Comparative Apparent Hydraulic Conductance, Leaf Gas Exchange, and Water Resource Partitioning of Populus euphratica Trees and Saplings

Water acquisition via the root system of woody species is a key factor governing plant physiology. In order to compare the impact of water acquisition on the hydraulic and photosynthetic characteristics of different-sized Populus euphratic, which is a desert riparian tree species, we quantified leaf hydraulic conductance (K-L), stomatal conductance (g(s)), net photosynthetic rate (P-N), predawn and midday leaf water potential (psi), and the stem delta O-18 of the saplings and mature trees. The results showed that the saplings had a lower predawn leaf water potential (psi(pd)) and soil-to-leaf water potential gradient (Delta psi) and a higher K-L than the mature trees but had a similar g(s) and P-N to the mature trees.

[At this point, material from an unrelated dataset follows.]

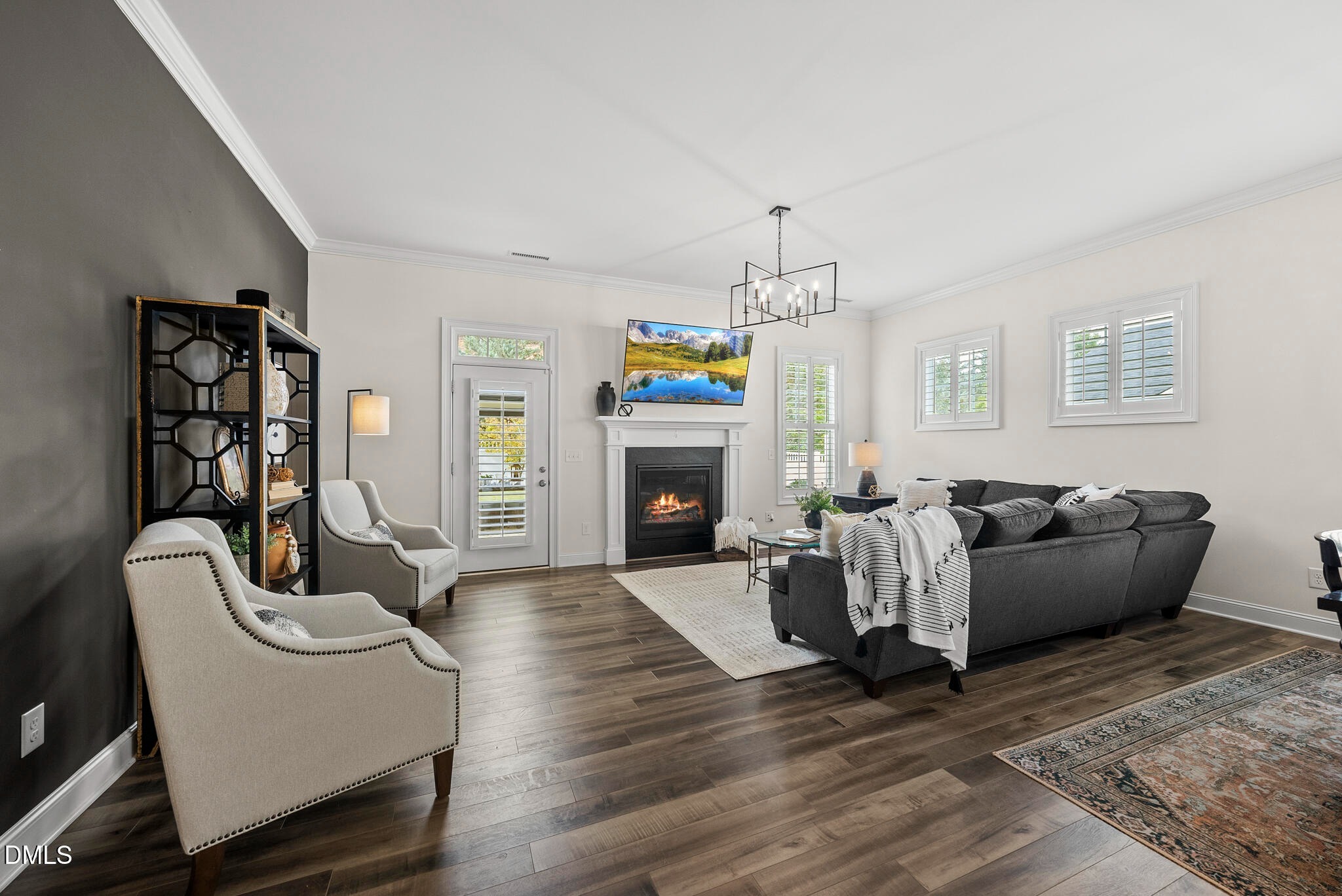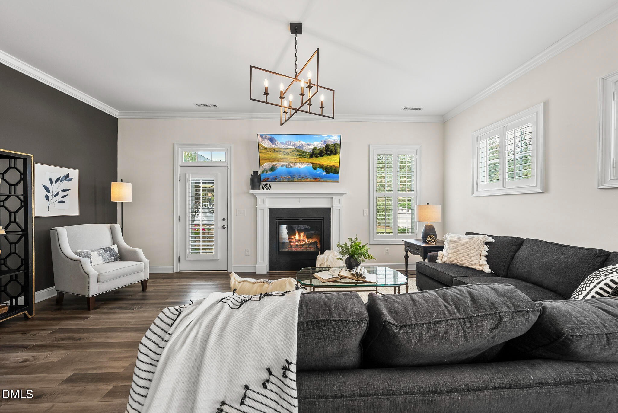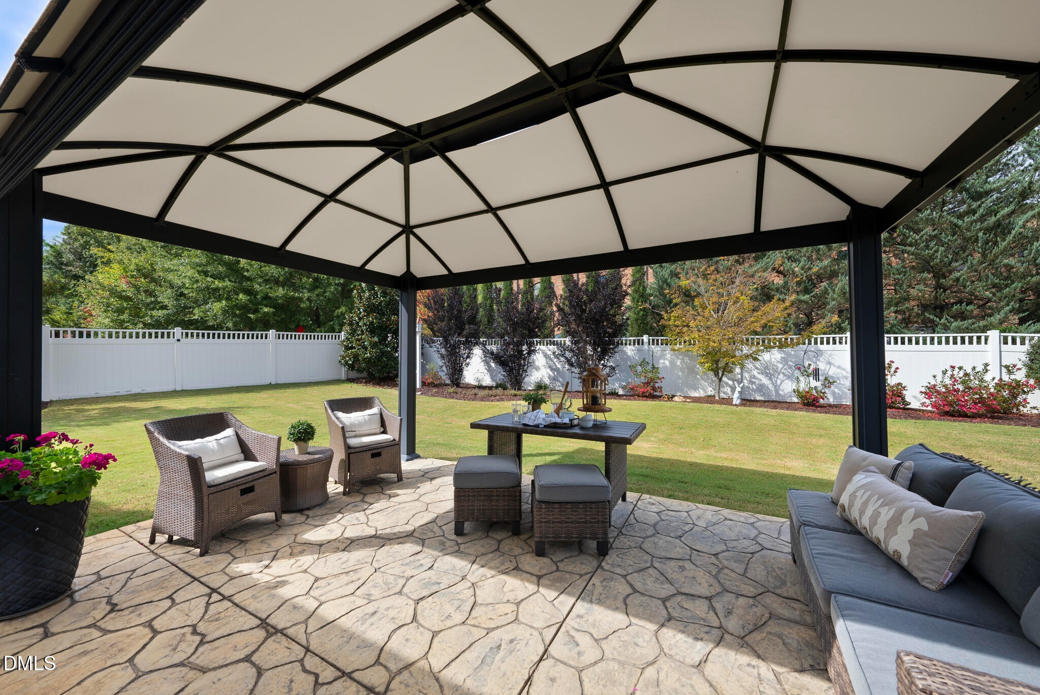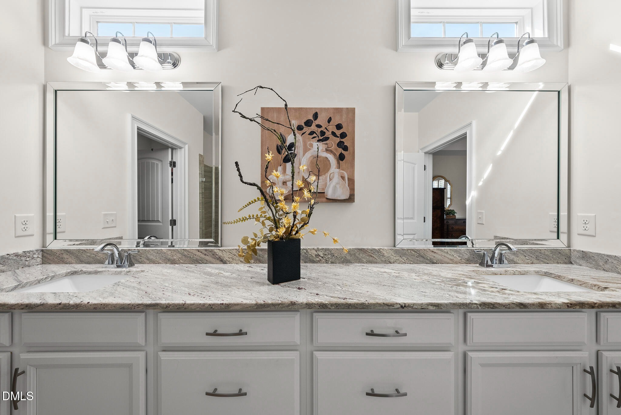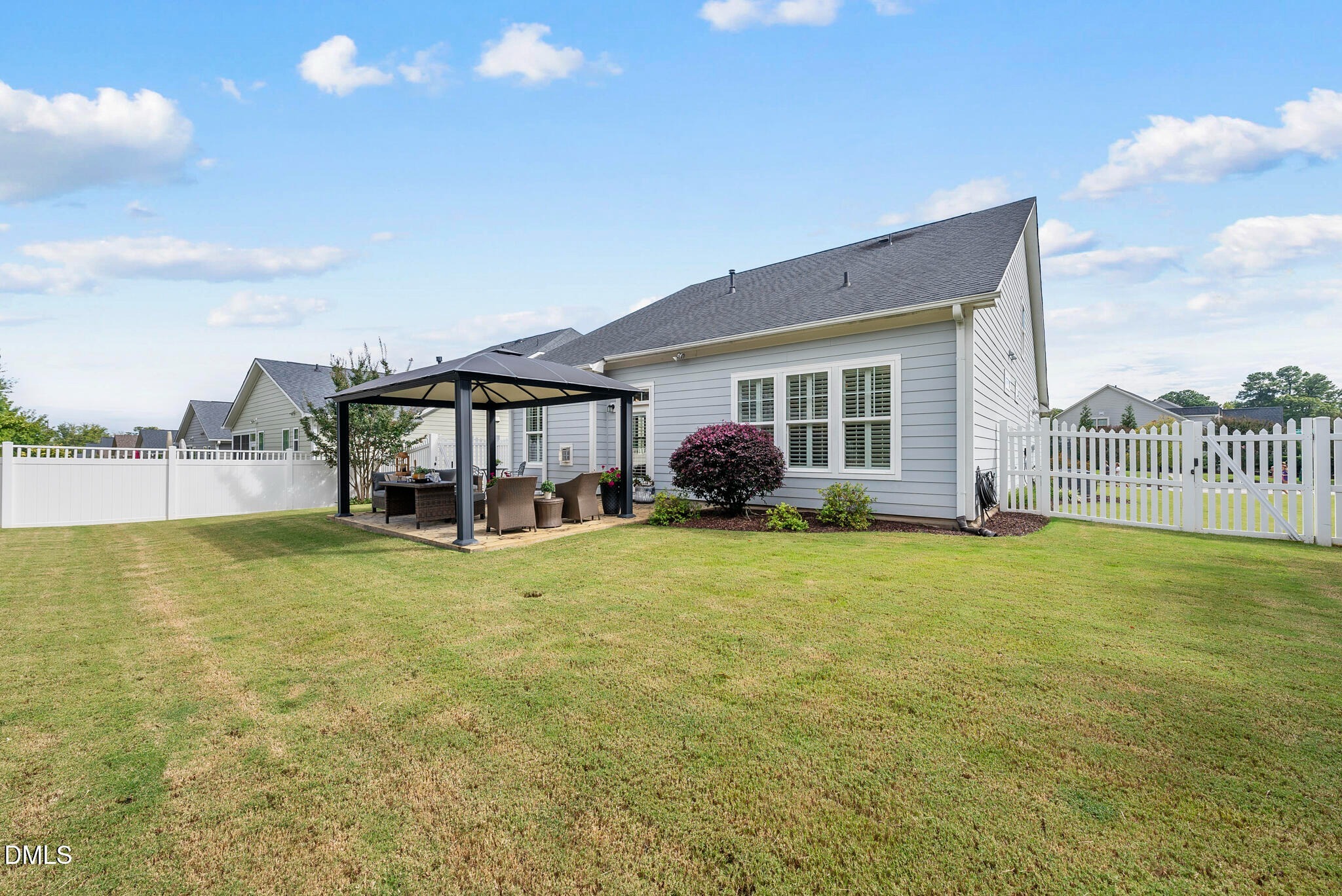 Welcome to this beautifully updated home in the desirable Traditions community of Wake Forest. Inside, an open and airy floor plan connects the family and dining rooms to the gourmet kitchen, where a large center island, granite countertops, stainless steel appliances, and custom cabinets with slide-out shelving create the perfect gathering space. A light-filled sunroom extends the living area and opens to the private backyard for year-round enjoyment. The spacious primary suite offers a relaxing retreat with tray ceilings, hardwood floors, and a spa-like bath featuring dual vanities, a walk-in closet, and a tiled aging-in-place shower. A first-floor guest bedroom with an adjacent full bath provides convenience and flexibility, while the upstairs loft and two additional bedrooms share a full bath. Outdoor living is equally impressive with a private patio, custom landscaping, retractable awning, 6-foot vinyl fence, and an in-ground sprinkler system. Paired with resort-style community amenities and a sought-after Wake Forest location, this home blends style, comfort, and everyday convenience.

In arid zones, probably due to root limitation, the saplings were more likely to use unreliable topsoil water (<80 cm), whereas the mature trees typically uptake reliable deep soil water (>80 cm) and groundwater due to having deeper root systems. The unreliability of the water supply might make saplings hold a higher hydraulic conductance to ensure that the water is transported efficiently to the leaves and to satisfy their transpiration need. In contrast, the mature trees, which uptake the more reliable deeper water resources, had a relatively low leaf-specific hydraulic conductance because of the increased path length versus the saplings. However, adult trees can maintain stomatal conductance by upregulating Delta psi, thereby facilitating their ability to maintain a carbon assimilation rate similar to that of the saplings. This regulating behavior benefits mature trees' net carbon gain, but it comes at the expense of an increased risk of hydraulic failure. These results imply that the top priority for saplings should be to maintain hydraulic system functioning, whereas, for mature trees, the priority is to assure stable net carbon gain for their growth.